▶ Exercise objective
Taking the line with "17MF-4 WINCHESTER MDL" as the first and the line with "The construction on" as the last, set down the lines below exactly, pictures excluded.

▶ Exercise data
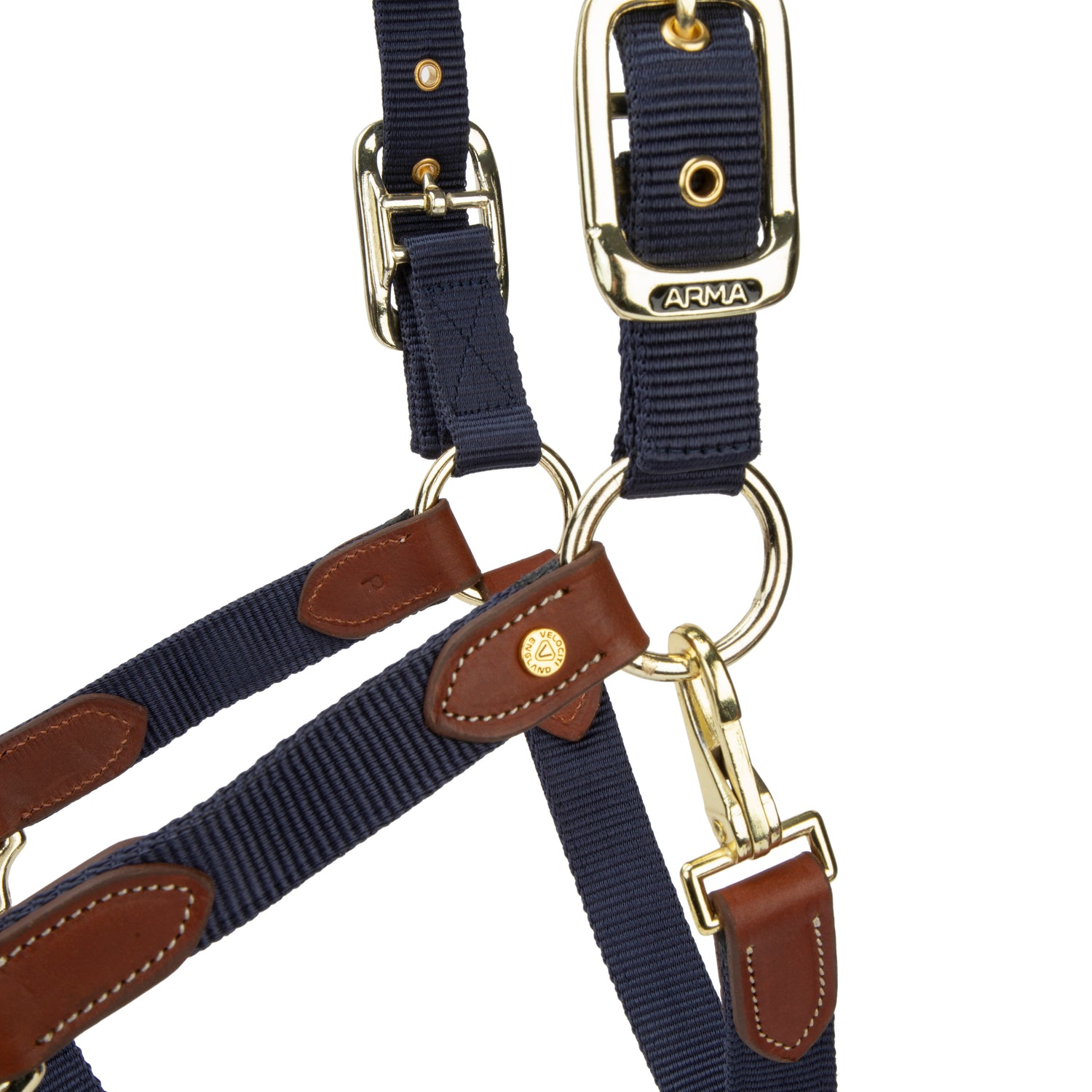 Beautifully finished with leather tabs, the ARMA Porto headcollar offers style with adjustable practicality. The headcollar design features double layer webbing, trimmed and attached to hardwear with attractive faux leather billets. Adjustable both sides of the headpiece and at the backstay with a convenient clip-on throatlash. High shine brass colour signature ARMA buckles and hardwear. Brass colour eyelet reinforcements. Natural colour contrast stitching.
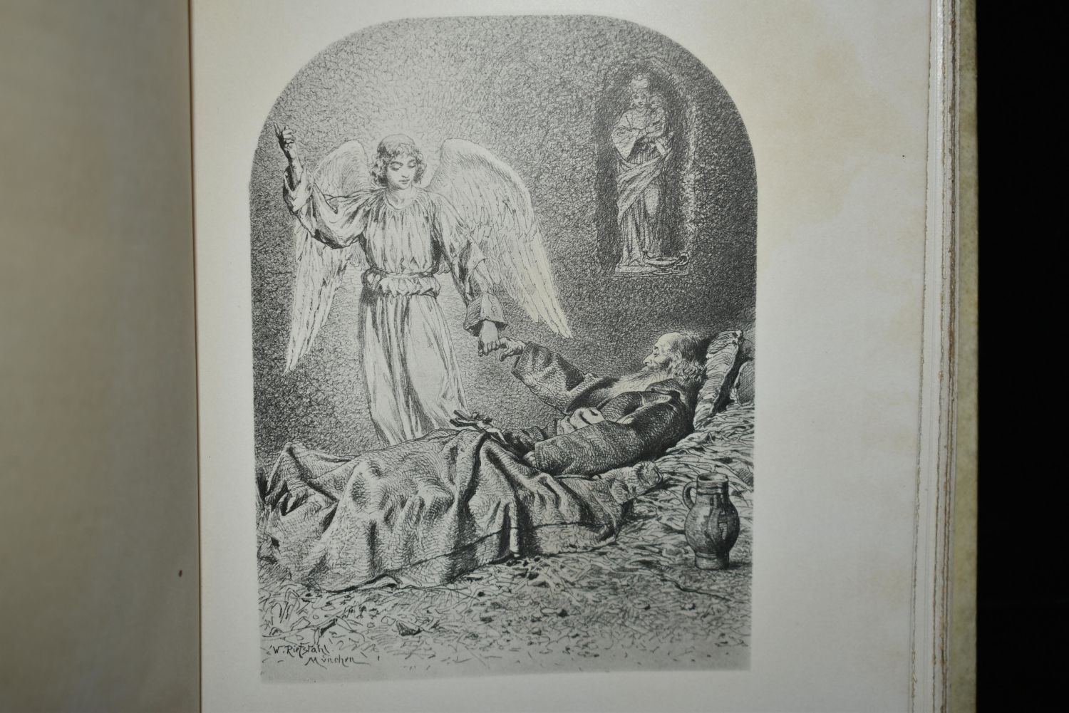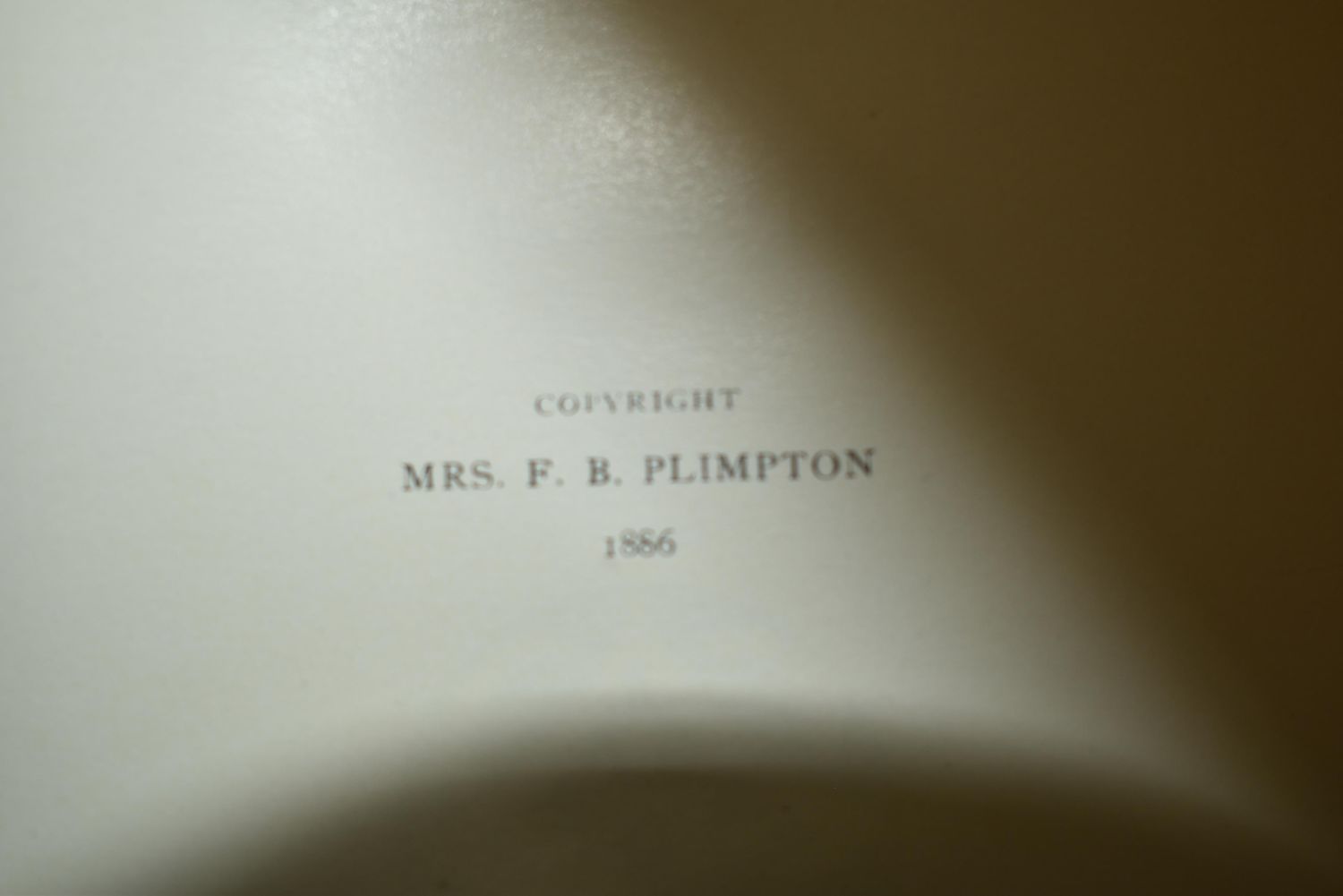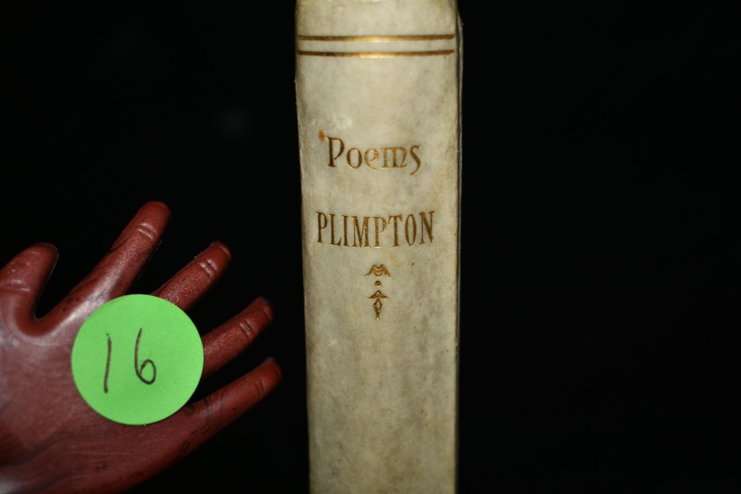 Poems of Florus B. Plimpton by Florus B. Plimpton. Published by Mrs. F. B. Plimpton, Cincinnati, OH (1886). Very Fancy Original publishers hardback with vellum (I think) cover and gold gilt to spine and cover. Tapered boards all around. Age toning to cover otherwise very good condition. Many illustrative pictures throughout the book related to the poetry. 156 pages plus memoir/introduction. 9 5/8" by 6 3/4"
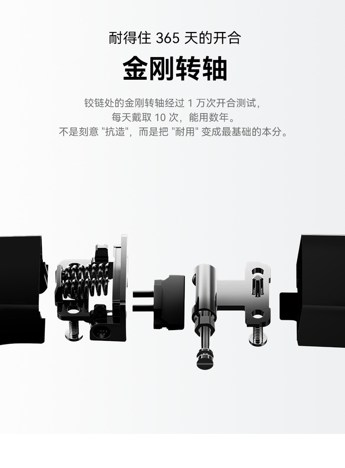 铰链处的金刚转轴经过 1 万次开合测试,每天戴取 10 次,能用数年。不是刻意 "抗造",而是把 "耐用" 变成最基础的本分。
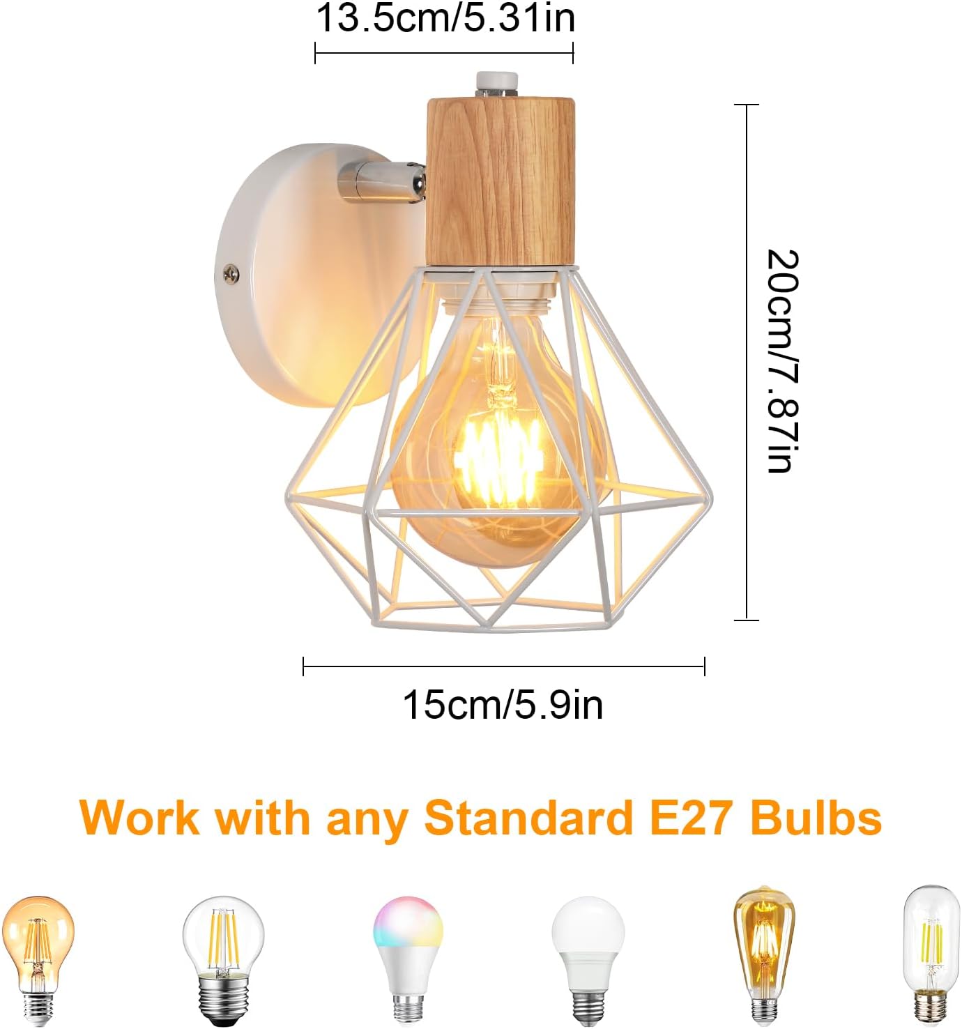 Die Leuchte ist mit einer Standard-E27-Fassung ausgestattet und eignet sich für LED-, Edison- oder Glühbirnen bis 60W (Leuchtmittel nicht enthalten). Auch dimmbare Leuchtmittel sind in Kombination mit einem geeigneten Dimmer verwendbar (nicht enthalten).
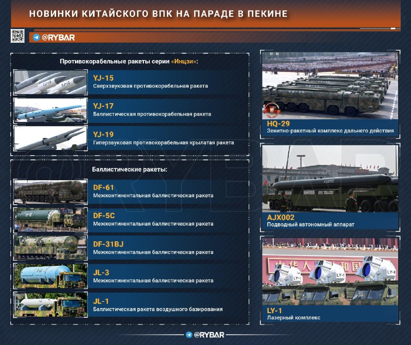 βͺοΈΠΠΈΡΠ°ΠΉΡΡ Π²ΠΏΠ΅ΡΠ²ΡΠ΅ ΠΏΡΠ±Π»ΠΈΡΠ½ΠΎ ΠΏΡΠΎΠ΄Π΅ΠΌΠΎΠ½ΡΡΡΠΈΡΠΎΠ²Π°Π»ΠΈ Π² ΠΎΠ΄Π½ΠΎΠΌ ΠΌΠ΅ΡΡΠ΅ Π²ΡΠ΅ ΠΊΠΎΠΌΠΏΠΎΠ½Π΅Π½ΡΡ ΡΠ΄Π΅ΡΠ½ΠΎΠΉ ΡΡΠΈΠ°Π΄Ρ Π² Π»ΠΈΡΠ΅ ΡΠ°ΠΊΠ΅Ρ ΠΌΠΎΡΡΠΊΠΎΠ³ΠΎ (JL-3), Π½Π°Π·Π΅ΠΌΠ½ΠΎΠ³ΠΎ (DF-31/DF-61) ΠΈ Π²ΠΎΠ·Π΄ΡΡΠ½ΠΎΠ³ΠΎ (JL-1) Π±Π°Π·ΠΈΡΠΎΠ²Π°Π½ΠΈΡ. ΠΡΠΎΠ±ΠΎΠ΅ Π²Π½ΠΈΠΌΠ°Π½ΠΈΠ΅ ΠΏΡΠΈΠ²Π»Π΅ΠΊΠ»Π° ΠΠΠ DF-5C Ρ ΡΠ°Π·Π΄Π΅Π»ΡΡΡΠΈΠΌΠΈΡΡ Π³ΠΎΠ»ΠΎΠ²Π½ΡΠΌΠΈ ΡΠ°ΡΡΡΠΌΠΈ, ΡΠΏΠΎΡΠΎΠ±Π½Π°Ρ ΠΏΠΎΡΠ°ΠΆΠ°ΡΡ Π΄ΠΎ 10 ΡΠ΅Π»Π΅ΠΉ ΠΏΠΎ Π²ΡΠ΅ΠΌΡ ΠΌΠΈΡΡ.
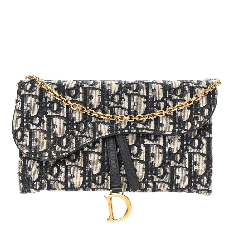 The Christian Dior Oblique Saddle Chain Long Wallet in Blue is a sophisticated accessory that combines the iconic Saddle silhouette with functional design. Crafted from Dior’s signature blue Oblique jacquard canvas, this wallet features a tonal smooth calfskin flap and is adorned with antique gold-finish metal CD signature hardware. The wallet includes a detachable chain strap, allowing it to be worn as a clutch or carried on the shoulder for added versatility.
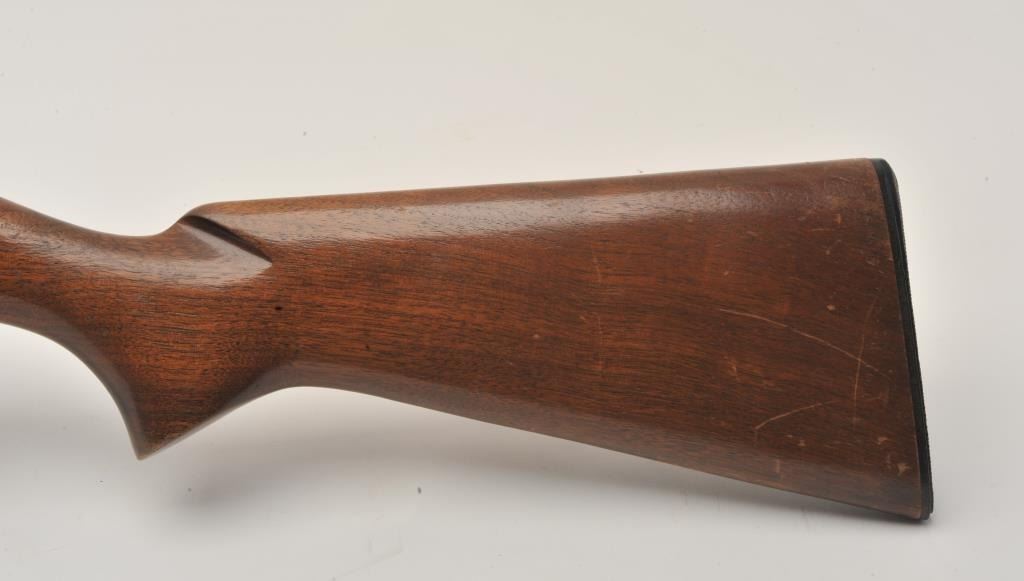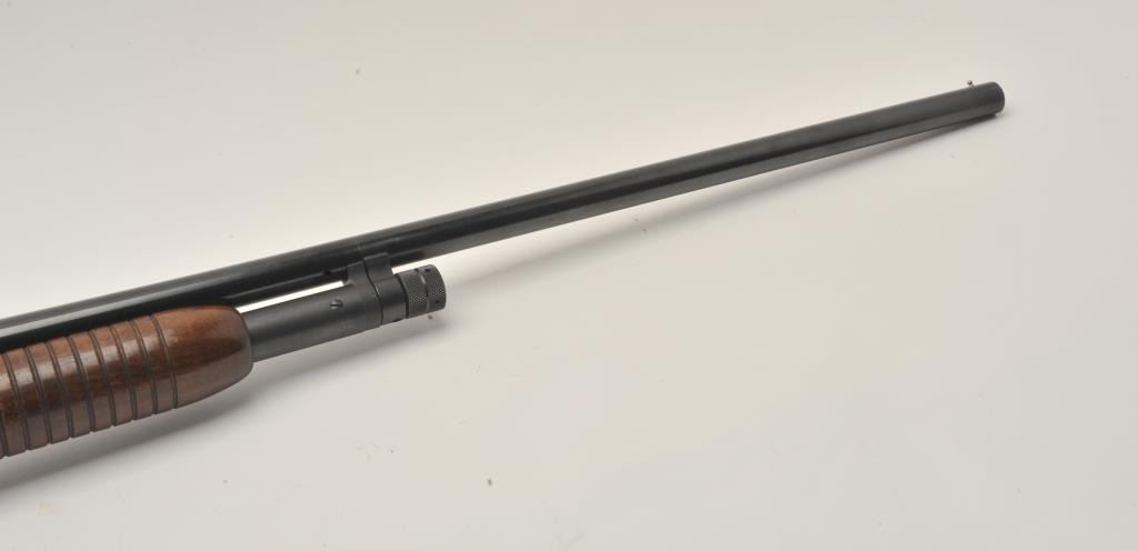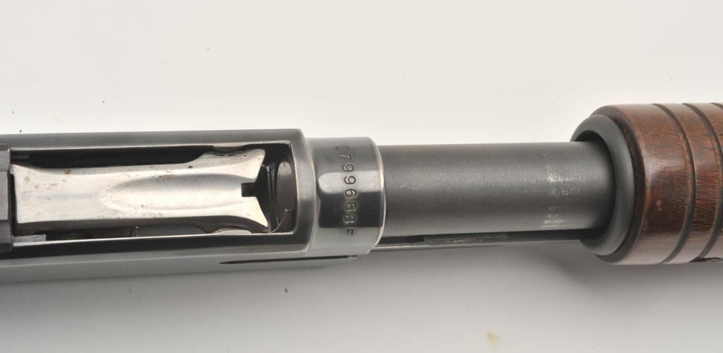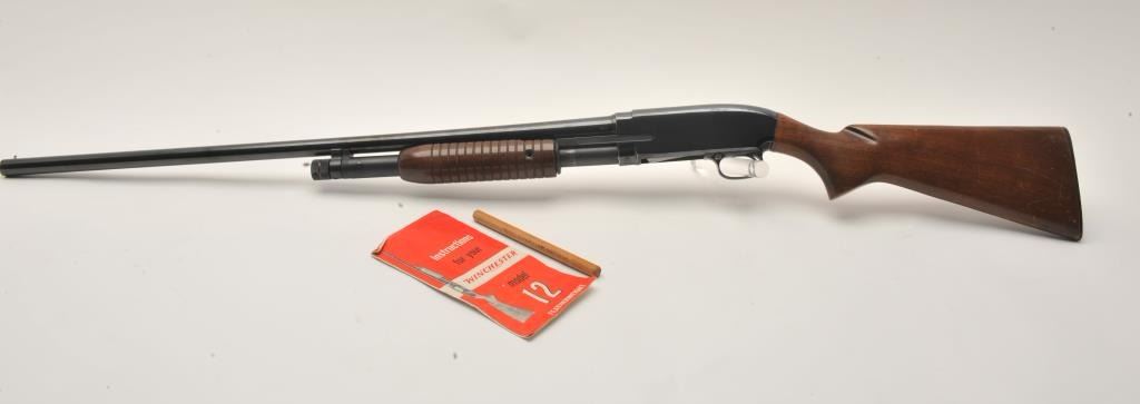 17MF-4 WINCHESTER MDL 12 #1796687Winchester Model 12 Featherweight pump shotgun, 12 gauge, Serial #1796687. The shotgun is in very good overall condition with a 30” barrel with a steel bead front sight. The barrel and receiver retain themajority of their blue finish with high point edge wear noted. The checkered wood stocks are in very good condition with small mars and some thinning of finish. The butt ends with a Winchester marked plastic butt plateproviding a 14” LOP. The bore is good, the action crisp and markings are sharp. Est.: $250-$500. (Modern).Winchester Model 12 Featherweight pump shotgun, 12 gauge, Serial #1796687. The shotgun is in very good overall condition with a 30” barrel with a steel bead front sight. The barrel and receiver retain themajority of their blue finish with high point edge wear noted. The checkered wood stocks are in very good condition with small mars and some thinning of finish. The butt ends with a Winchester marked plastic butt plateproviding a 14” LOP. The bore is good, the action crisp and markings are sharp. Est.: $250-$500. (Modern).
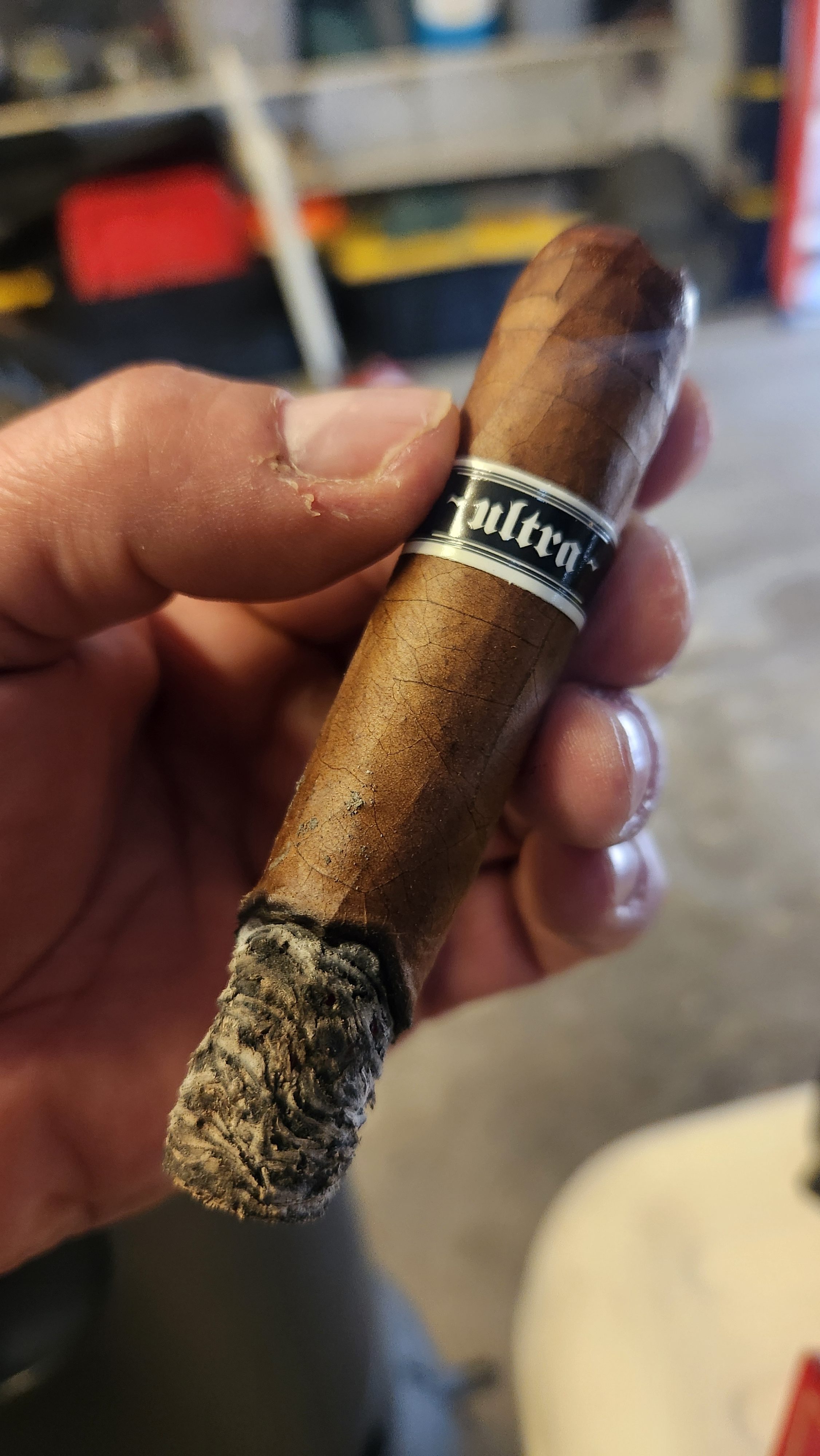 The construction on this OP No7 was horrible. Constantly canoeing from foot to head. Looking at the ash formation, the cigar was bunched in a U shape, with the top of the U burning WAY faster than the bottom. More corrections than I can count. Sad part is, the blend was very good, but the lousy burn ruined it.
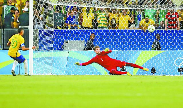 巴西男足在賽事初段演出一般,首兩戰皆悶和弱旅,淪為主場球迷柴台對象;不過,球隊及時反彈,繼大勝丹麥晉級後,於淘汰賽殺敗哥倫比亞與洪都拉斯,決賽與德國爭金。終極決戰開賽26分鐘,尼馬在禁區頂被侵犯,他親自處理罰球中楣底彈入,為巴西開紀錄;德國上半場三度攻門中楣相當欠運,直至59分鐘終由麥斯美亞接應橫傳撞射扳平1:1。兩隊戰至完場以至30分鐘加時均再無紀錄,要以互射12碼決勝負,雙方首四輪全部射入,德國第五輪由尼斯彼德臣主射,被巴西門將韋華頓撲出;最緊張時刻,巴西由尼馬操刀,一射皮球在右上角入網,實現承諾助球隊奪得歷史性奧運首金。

▶ Response to the task
 17MF-4 WINCHESTER MDL 12 #1796687Winchester Model 12 Featherweight pump shotgun, 12 gauge, Serial #1796687. The shotgun is in very good overall condition with a 30” barrel with a steel bead front sight. The barrel and receiver retain themajority of their blue finish with high point edge wear noted. The checkered wood stocks are in very good condition with small mars and some thinning of finish. The butt ends with a Winchester marked plastic butt plateproviding a 14” LOP. The bore is good, the action crisp and markings are sharp. Est.: $250-$500. (Modern).Winchester Model 12 Featherweight pump shotgun, 12 gauge, Serial #1796687. The shotgun is in very good overall condition with a 30” barrel with a steel bead front sight. The barrel and receiver retain themajority of their blue finish with high point edge wear noted. The checkered wood stocks are in very good condition with small mars and some thinning of finish. The butt ends with a Winchester marked plastic butt plateproviding a 14” LOP. The bore is good, the action crisp and markings are sharp. Est.: $250-$500. (Modern).
 The construction on this OP No7 was horrible. Constantly canoeing from foot to head. Looking at the ash formation, the cigar was bunched in a U shape, with the top of the U burning WAY faster than the bottom. More corrections than I can count. Sad part is, the blend was very good, but the lousy burn ruined it.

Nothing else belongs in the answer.